_Record extracts_.
========

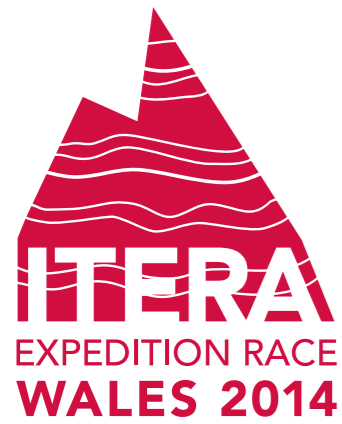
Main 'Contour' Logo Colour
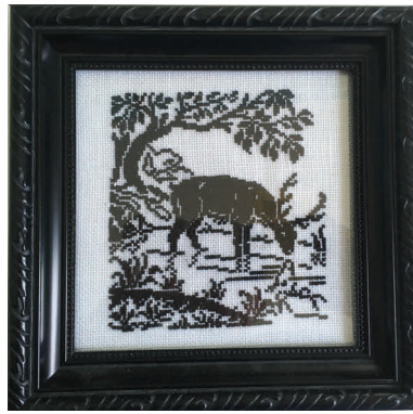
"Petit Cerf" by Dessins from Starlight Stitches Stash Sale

========

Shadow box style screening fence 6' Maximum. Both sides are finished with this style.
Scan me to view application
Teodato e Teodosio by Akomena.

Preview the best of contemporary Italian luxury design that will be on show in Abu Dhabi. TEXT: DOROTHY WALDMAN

========

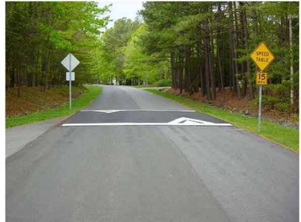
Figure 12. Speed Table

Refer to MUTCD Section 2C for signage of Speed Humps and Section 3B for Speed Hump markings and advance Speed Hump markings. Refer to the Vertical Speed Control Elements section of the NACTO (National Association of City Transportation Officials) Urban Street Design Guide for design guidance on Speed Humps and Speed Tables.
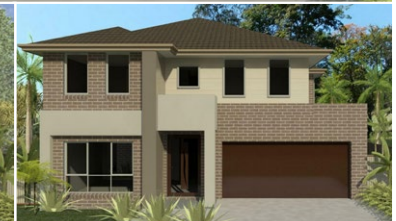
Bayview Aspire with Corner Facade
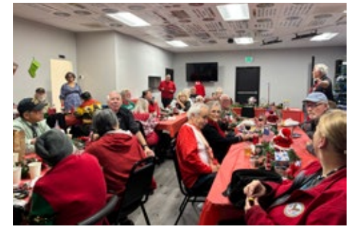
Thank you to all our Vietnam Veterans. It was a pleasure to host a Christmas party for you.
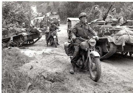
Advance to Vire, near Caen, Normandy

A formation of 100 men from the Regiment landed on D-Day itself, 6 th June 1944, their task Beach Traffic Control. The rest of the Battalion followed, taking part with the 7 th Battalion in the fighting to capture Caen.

========

_Activity_.
All that should be printed is the run of lines above from the one with "Thank you to" through the one with "A formation of", both included, exactly as given, with pictures left out.

_Written response_.
Thank you to all our Vietnam Veterans. It was a pleasure to host a Christmas party for you.
Advance to Vire, near Caen, Normandy

A formation of 100 men from the Regiment landed on D-Day itself, 6 th June 1944, their task Beach Traffic Control. The rest of the Battalion followed, taking part with the 7 th Battalion in the fighting to capture Caen.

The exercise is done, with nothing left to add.